The application of laser ablation to U-Pb dating has revolutionized geochronology. By drastically reducing the cost of dating a mineral grain (~1$/date is achievable) the method has expanded the number of measurements that can be obtained from a sample and the number of samples that can be measured in a project. Moreover, spatially resolved sampling of materials enables complex petrogenetic histories of minerals to be deciphered. While the ultimate accuracy of LA-ICP-MS systems is poor compared to other techniques (~1.5% for LA-ICP-MS compared to <0.1% for ID-TIMS) it is sufficient for many applications.
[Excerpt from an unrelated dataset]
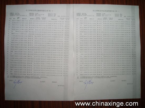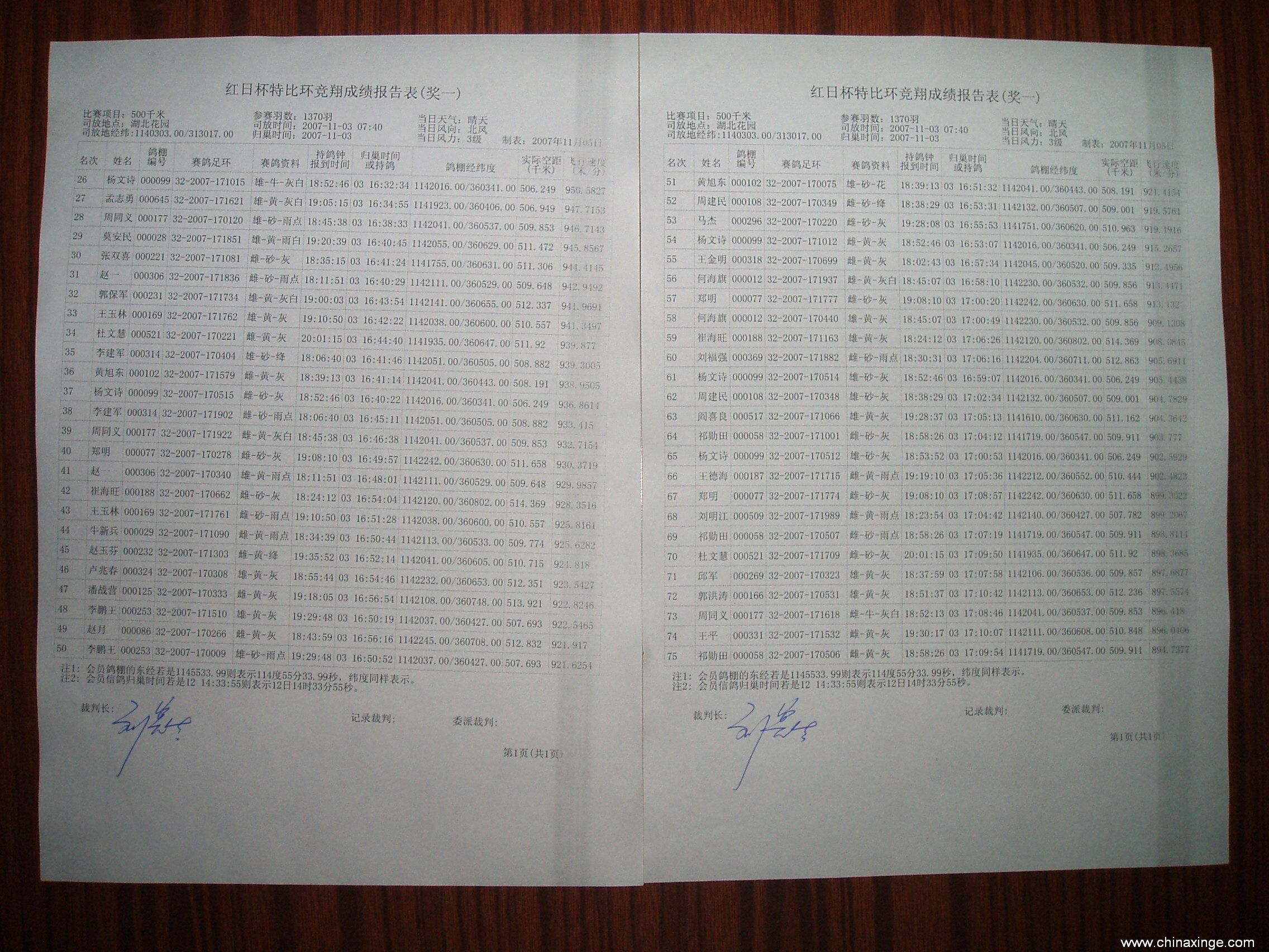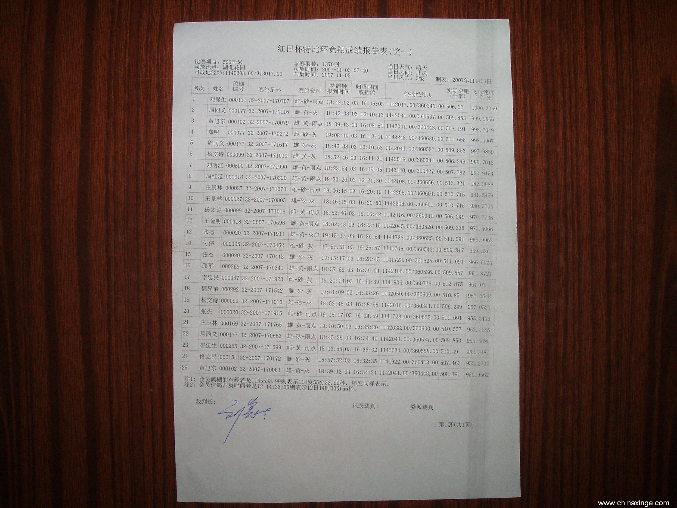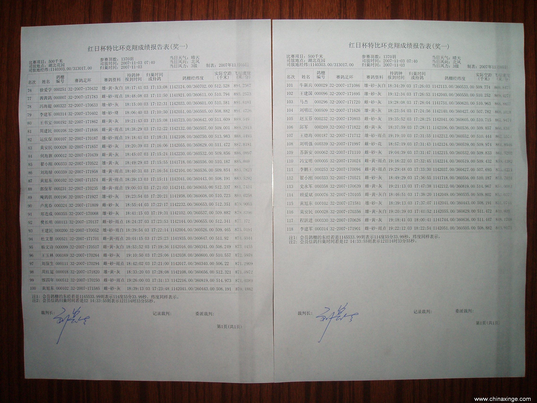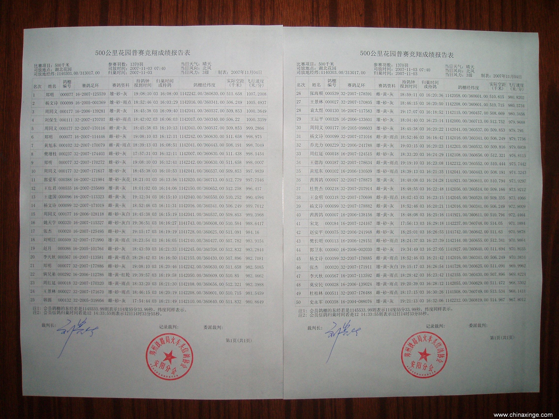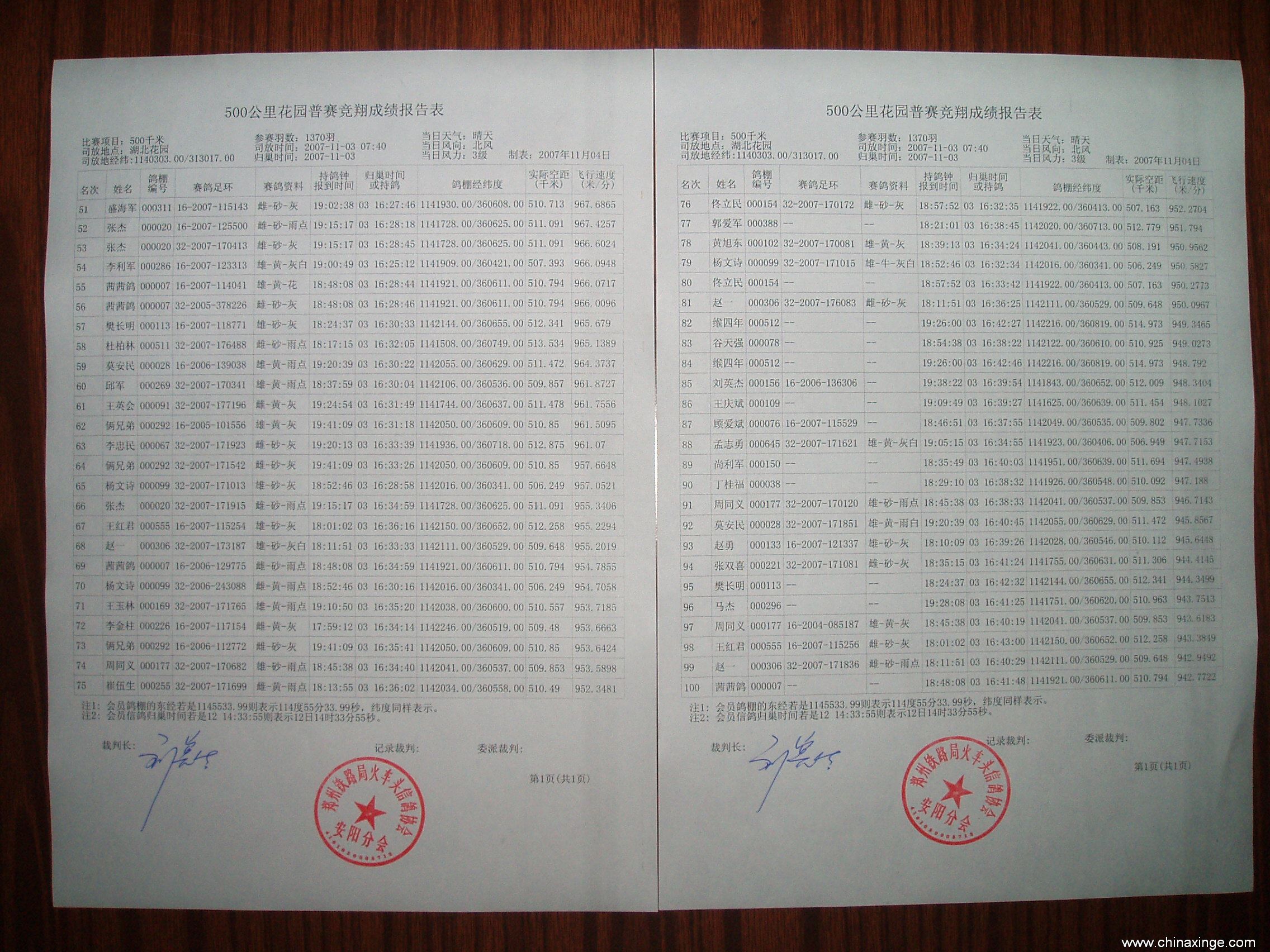 本次比赛得到了会员朋友的热情参与,共集鸽1370羽(红日杯528羽),当日归巢报进377羽(红日杯123羽,有效成绩118羽).比赛取得圆满成功!现将各项成绩单上传,请会员查阅.(鼠标左键双击图片可放大)

LA-ICP-MS Dating of Zircon

Our lab uses a variety of zircon U-Pb dating methods in both detrital and basement (crystalline) research. For detrital zircon dating we focus on cost-efficient data acquisition using large-n measurement methods. Our most commonly employed method is outlined in Matthews et al. (2017)(Geostandards and Geoanalytical Research). By this method we normally measure 300 grains per sample at a rate of about six samples per day. For other projects, where larger-n is required to find rare near depositional age grains, we measure 660 grains per sample using a shortened ablation period. This method is outlined in Daniels et al. (2017)(Geological Society of America Bulletin).

Both of these techniques use conventional polished grain mounts to present the sample to the laser. We also employ a novel laser-ablation depth-profiling measurement method to extract information from thin zircon overgrowths. By this method, whole grains are mounted to tape and surface-consistent layers of material are dated starting at the exterior of the grain and moving toward the middle of the grain. This method allows for the rapid collection of large datasets of core and rim dates and has applications in metamorphic rocks or detrital zircon grains derived from them.

LA-ICP-MS Dating of Apatite

Dating of apatite is complicated by low U concentration and the incorporation of common Pb during crystallization. We use the Madagascar apatite standard and the Iolite software package to measure both detrital and basement apatite samples. Apatite dates for basement rocks inform about mid-crustal cooling and can be useful in constraining exhumation histories. Detrital apatite can be used as a constraint on provenance and can be particularly useful if combined with LA-AHe dating techniques (double dating).